Some studies suggest that Sierran zooplankton species may be able to repopulate lakes once fish are gone, while other studies suggest just the opposite. Many species of zooplankton can lie in wait for years at a time and then reinvigorate a habitat. One species has been shown to remain dormant for more than 300 years, and if some of the Sierran zooplankton species possess similar capabilities, then they could spring back once fish are removed mechanically or non-sustaining populations are left to their own devices.
• The stocking of trout into fishless Sierran lakes seems to have extirpated the phantom midge (Chaoborus americanus) from throughout the Sierra Nevada.
• In the Sierra as well as other western mountain locales, benthic macroinvertebrate communities are decimated by introduced predatory fishes into formerly fishless aquatic ecosystems. Sierran lakes with introduced fishes also lacked otherwise common mayfly and caddisfly larvae and aquatic beetles. A recent study by the University of California, Davis, scientists has shown that aquatic insect populations quickly rebound in alpine lakes once fish are removed.
• You can’t knock out multiple legs of the food chain in these alpine aquatic ecosystems without the inevitable ripple effect taking place. In the Sierras, one species that is disproportionally affected, albeit indirectly, is the western terrestrial gartersnake (Thamnophis elegans), which heavily preys on yellow-legged tadpoles and frogs. No tadpoles, no frogs, no snakes – perhaps?

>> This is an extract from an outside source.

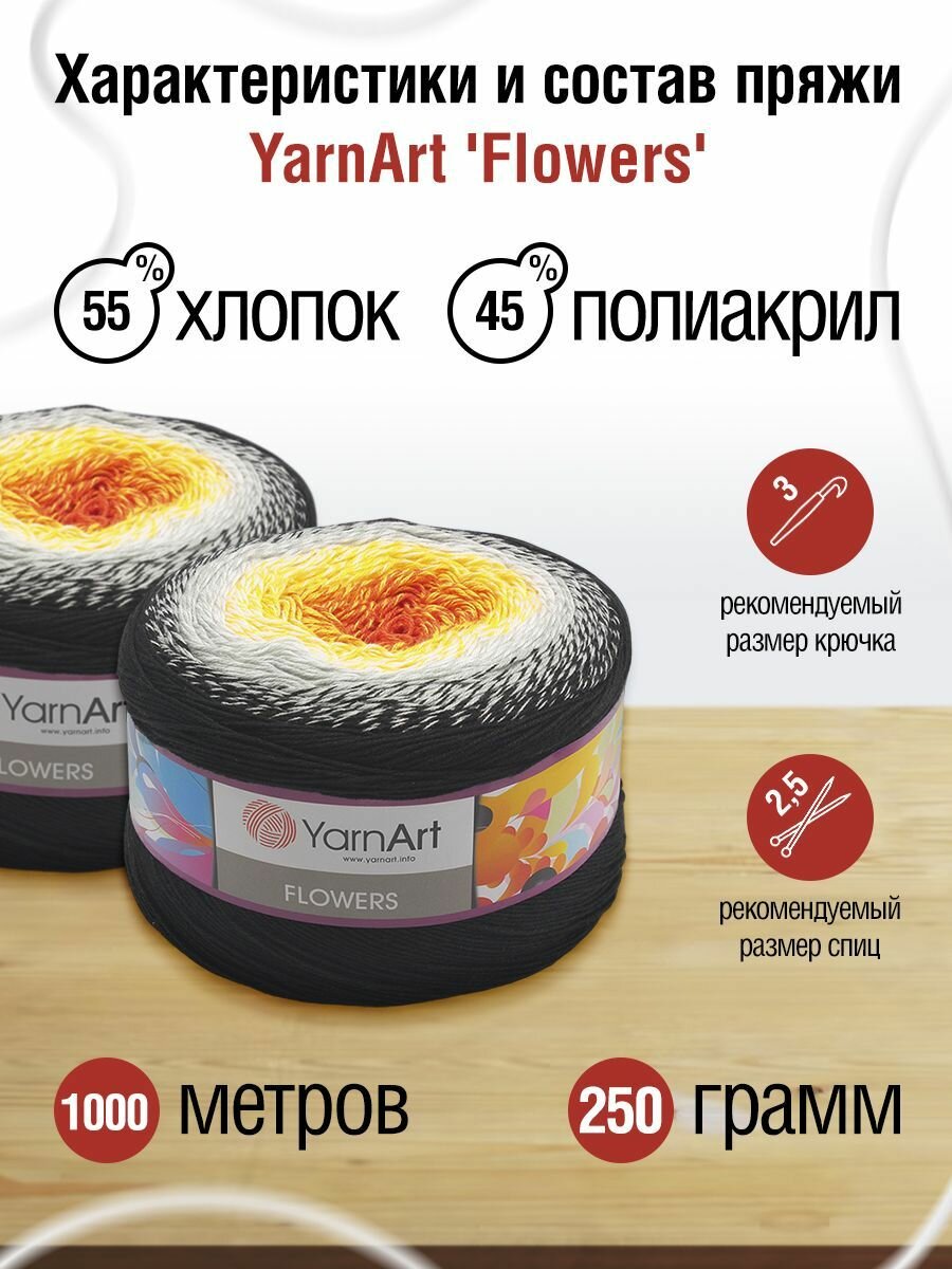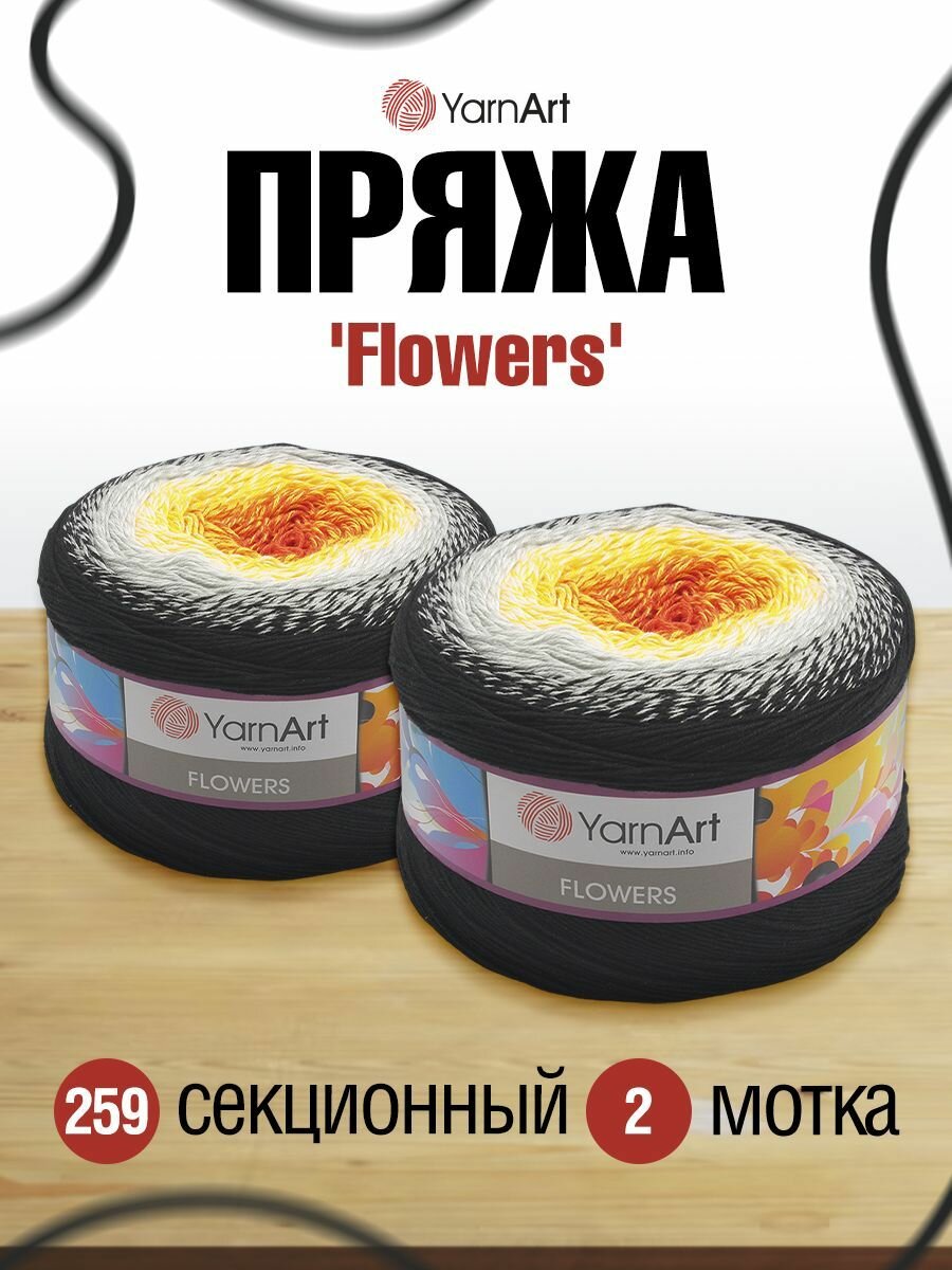 Пряжа для вязания YarnArt 'Flowers' 250г, 1000м (55% хлопок, 45% полиакрил) (259 секционный), 2 мотка информация:

• Tadpoles are also prodigious algae eaters and without them, algae levels rise and can adversely affect a lake’s nutrient and oxygen levels, which can lead to the demise of smaller organisms lower down in the food chain.
Cultural Mindset
I grew up in the West, and my dad always spoke of fish hatcheries and the stocking of trout in highly favorable terms. And sport fishing keeps many a small western burg afloat during the lean summer months before the snow flies and annual pilgrimages of skiers refill local coffers. I don’t fish myself, never had the patience for it. But I believe sport fisheries are part of our western heritage, however ill-conceived the helter-skelter manner in which they may have been originally established was.
But I think that in historically fishless high-altitude lakes that are isolated in backcountry wilderness areas that the practice of stocking and restocking non-native and even native fishes not native to particular watersheds should be stopped, not tomorrow, but last week. There’s no need for it. There are more than enough places to cast one’s line. Let these fragile ecosystems rebound and if you want to introduce something, reintroduce locally extirpated species that resided in a particular lake prior to piscine introductions.
The verdict is clear: the practice of introducing non-native (this includes those fish that are hatchery reared) fishes into every river and rivulet, drainage ditch, pond and lake is not the best way to manage our rich natural aquatic heritage. The time – like so many natural-resources philosophies of the 19th and 20th centuries – for the indiscriminate stocking of non-native fishes into our native aquatic biotopes has come and gone. While it would be impossible to completely undo these artificially derived sport fisheries, those in the West’s high-elevation lakes, not to mention riparian habitats in the Southwest where non-native species are also exacting a heavy toll on pupfishes and other native fishes, could certainly be reevaluated and a much more enlightened 21st century approach taken.
If you’d like to chime in on this issue, e-mail the United States Dept. of Agriculture and let them know that you’d like to see native fisheries reestablish in our national forests and the practice of stocking non-native game fishes in backcountry lakes and streams in federally protected wilderness areas stopped.